START Data shown
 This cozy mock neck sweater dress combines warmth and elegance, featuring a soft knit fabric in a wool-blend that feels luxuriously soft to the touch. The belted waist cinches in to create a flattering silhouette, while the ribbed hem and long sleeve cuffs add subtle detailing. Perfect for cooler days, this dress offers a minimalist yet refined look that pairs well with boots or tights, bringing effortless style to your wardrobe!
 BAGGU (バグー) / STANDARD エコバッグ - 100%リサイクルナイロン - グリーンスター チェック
END Data shown
START Data shown
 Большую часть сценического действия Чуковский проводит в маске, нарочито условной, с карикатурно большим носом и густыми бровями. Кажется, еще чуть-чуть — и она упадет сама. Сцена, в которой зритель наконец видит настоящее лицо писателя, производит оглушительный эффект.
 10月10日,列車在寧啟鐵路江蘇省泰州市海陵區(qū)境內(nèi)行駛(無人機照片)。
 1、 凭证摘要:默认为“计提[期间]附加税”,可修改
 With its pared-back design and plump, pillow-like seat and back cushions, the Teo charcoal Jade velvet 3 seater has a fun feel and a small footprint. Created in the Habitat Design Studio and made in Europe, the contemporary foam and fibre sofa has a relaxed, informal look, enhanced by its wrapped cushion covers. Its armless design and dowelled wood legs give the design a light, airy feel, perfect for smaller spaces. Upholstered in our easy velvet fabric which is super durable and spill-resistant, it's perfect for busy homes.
END Data shown
START Data shown
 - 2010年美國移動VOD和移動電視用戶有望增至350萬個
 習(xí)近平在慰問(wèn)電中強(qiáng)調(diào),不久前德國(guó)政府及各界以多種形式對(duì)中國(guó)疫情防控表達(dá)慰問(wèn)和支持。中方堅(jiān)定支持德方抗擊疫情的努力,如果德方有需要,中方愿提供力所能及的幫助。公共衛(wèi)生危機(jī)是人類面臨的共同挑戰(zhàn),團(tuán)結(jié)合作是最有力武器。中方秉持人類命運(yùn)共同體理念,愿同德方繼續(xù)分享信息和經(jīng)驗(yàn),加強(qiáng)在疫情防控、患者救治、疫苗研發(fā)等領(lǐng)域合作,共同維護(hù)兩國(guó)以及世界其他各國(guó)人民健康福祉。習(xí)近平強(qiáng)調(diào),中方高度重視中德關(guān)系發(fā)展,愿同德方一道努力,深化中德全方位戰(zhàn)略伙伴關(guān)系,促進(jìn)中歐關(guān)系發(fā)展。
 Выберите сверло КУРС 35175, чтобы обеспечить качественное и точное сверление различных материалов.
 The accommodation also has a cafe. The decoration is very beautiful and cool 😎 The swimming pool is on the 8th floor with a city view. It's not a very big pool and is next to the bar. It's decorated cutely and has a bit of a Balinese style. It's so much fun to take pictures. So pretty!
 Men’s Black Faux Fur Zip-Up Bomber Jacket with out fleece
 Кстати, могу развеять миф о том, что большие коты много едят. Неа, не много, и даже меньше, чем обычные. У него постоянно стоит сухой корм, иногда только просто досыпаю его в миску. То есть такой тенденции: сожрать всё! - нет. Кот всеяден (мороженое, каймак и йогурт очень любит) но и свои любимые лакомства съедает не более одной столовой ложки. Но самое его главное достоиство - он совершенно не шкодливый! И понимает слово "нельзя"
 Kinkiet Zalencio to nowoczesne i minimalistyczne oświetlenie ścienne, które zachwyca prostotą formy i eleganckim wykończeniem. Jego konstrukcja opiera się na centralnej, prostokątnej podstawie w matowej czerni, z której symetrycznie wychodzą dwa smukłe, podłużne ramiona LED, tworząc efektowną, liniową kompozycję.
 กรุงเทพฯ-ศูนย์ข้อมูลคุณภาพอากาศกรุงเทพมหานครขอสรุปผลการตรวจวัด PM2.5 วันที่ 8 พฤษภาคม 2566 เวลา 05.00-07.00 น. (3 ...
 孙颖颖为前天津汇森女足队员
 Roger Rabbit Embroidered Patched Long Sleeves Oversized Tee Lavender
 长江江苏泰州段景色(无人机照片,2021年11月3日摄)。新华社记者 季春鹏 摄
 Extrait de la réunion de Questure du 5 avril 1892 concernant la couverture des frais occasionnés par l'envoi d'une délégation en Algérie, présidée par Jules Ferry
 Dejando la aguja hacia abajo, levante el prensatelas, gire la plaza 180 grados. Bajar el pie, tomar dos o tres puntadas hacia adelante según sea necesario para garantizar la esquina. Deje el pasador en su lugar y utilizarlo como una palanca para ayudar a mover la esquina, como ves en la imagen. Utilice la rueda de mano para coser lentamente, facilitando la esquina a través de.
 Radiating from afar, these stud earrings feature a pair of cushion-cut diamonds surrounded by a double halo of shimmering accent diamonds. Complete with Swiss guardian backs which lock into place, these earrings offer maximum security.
END Data shown
(Your assignment) Return, unchanged, the run of lines above that opens with the line containing "05.00-07.00 น. (3 ..." and closes with the line containing "Radiating from afar, these". Include both.

(Output for this task)
 กรุงเทพฯ-ศูนย์ข้อมูลคุณภาพอากาศกรุงเทพมหานครขอสรุปผลการตรวจวัด PM2.5 วันที่ 8 พฤษภาคม 2566 เวลา 05.00-07.00 น. (3 ...
 孙颖颖为前天津汇森女足队员
 Roger Rabbit Embroidered Patched Long Sleeves Oversized Tee Lavender
 长江江苏泰州段景色(无人机照片,2021年11月3日摄)。新华社记者 季春鹏 摄
 Extrait de la réunion de Questure du 5 avril 1892 concernant la couverture des frais occasionnés par l'envoi d'une délégation en Algérie, présidée par Jules Ferry
 Dejando la aguja hacia abajo, levante el prensatelas, gire la plaza 180 grados. Bajar el pie, tomar dos o tres puntadas hacia adelante según sea necesario para garantizar la esquina. Deje el pasador en su lugar y utilizarlo como una palanca para ayudar a mover la esquina, como ves en la imagen. Utilice la rueda de mano para coser lentamente, facilitando la esquina a través de.
 Radiating from afar, these stud earrings feature a pair of cushion-cut diamonds surrounded by a double halo of shimmering accent diamonds. Complete with Swiss guardian backs which lock into place, these earrings offer maximum security.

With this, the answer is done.